- The Washington Times - Thursday, June 1, 2017

The Justice Department petitioned the Supreme Court late Thursday to immediately reinstate President Trump’s extreme vetting policy, asking the justices to erase injunctions issued by several lower courts.

Mr. Trump’s lawyers said the president was acting within his national security powers when he issued his executive order in March halting admissions of most visitors from six majority-Muslim countries with ties to terrorism, and pausing admissions of refugees.

“We have asked the Supreme Court to hear this important case and are confident that President Trump’s executive order is well within his lawful authority to keep the Nation safe and protect our communities from terrorism,” Justice Department spokeswoman Sarah Isgur Flores said in a statement announcing the filing.

Federal courts in Hawaii and Maryland have blocked various parts of the executive orders. The Maryland judge’s decision has since been upheld by the 4th U.S. Circuit Court of Appeals, while the 9th Circuit is considering an appeal of the Hawaii judge’s ruling.

The Trump administration has asked the justices to take the case and swiftly erase both injunctions, allowing the policy to take effect.

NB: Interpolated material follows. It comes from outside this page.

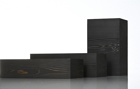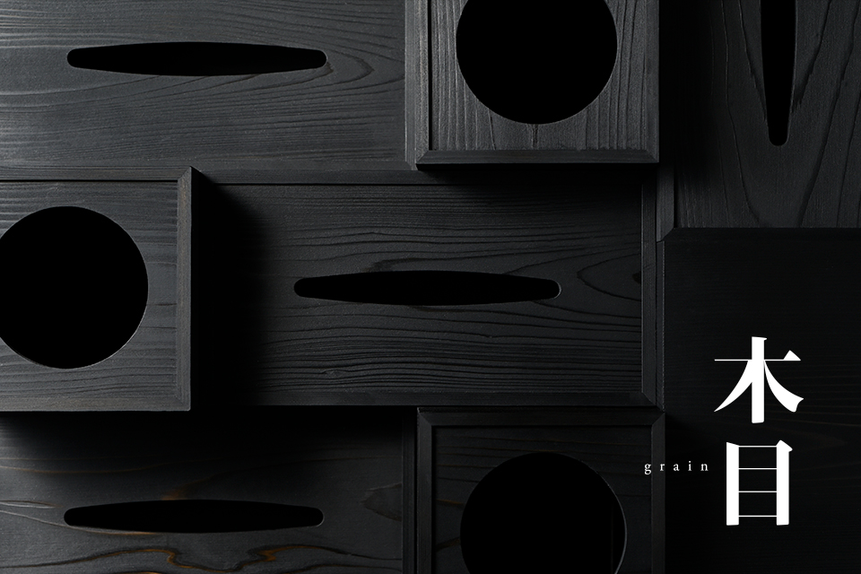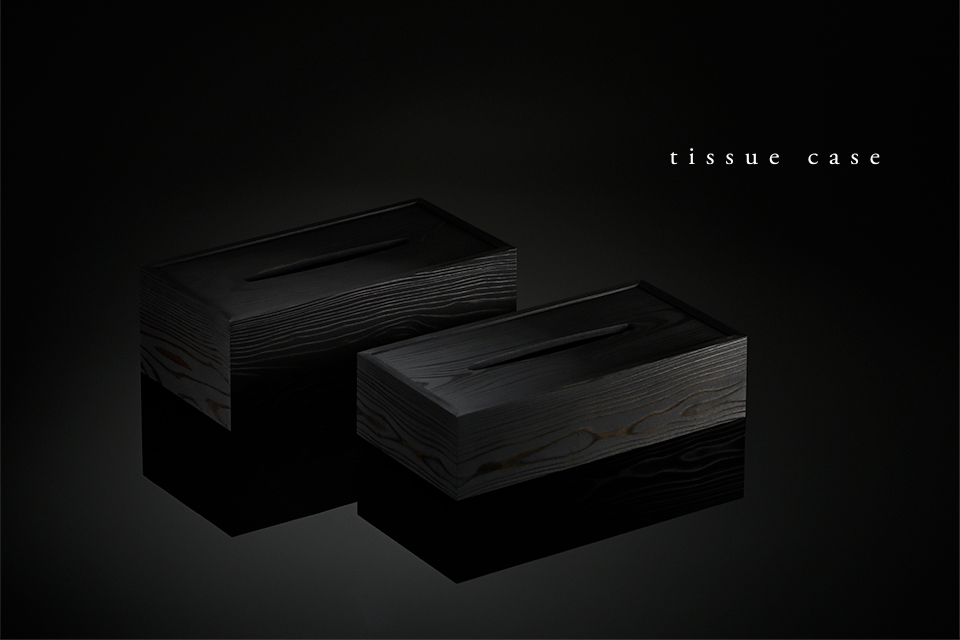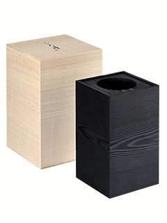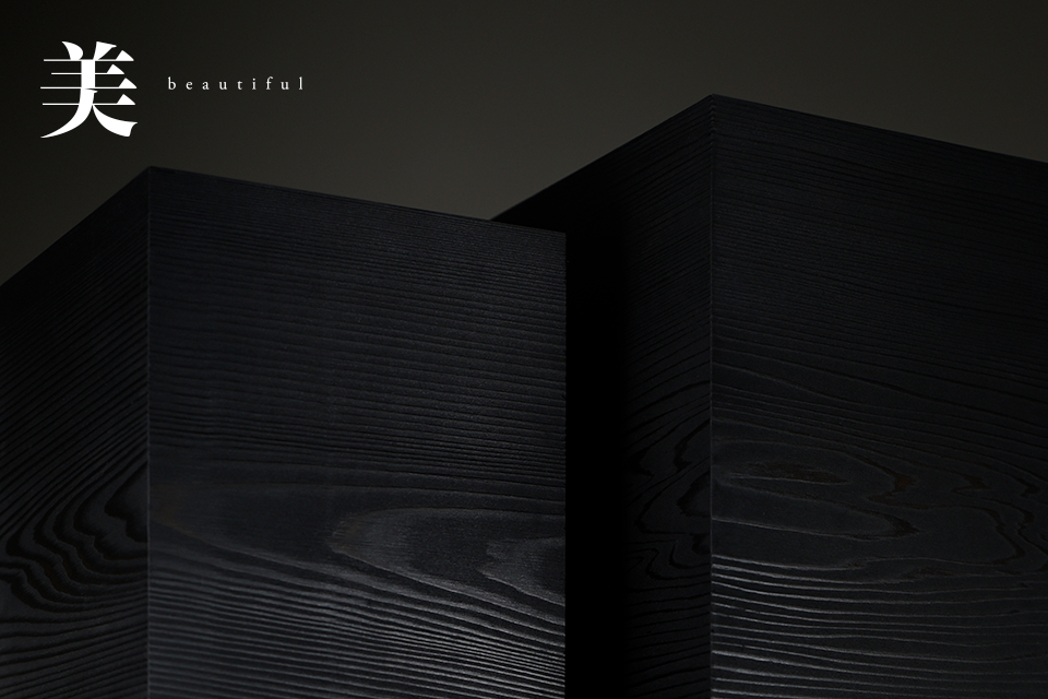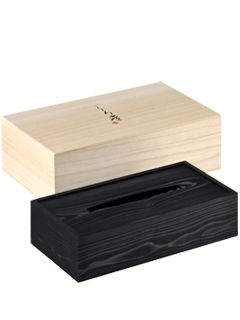 You realize that the surface grain surrounds the side plate of the box completely when the side plates are made of four pieces of the timber cut out continuously from one sugi material. The surface of all goods is finished by‘urushi‘ coating.

Justice Department lawyers said Congress has granted the president wide latitude to decide who is allowed to be admitted to the U.S.

But judges — primarily those appointed by Democratic presidents — have faulted Mr. Trump for his campaign rhetoric promising a ban on Muslims, saying that even though the current order is not such a ban, the “animus” then-candidate Trump showed toward a religion still taints his actions today.

Mr. Trump’s lawyers said the court made a mistake by “attempting to delve into the president’s supposed true motives and pointed to the president’s speech last week in Saudi Arabia where “decried ’the murder of innocent Muslims.’”

Trump backers point to myriad majority-Muslim countries that aren’t singled out in the executive order as evidence it’s not animated by antipathy toward a religion, and Justice Department lawyers say many immigration decisions involve dividing persons based on their country of origin.

“The court erred in invalidating a religion-neutral order of the President not because of what it says or does, but because of what supposedly motivated the President (and his advisors) in issuing it,” the lawyers said.

In petitioning the high court, Mr. Trump sets up the first major test for newly installed Supreme Court Justice Neil Gorsuch.

The case is also likely to be a challenge for Chief Justice John G. Roberts Jr., who famously upheld Obamacare by refusing to look at President Obama’s rhetoric insisting the law wasn’t a tax. Instead, the Chief Justice, joined by four Democratic-appointed justices, said the law on its face was a tax no matter what Mr. Obama had said, so it was constitutional under the federal government’s taxing power.

In the case of the vetting order, Mr. Trump argues that regardless of campaign rhetoric, his latest version was carefully drawn to meet courts’ demands, and is on its face legal.

The revised order would put a 90-day halt to most admissions of visitors from Iran, Libya, Somalia, Sudan, Syria and Yemen — each country that was initially identified by Mr. Obama and the previous Congress as needing special scrutiny.

The revised order also imposes a 120-day pause on refugee admissions.

Civil liberties groups urged the high court to leave the lower court injunctions in place, saying those judges are serving as a check against a president trying to target a religion.

“Again and again, our nation’s courts have found that President Trump’s Muslim ban is unconstitutional,” said Karen Tumlin, legal director of the National Immigration Law Center.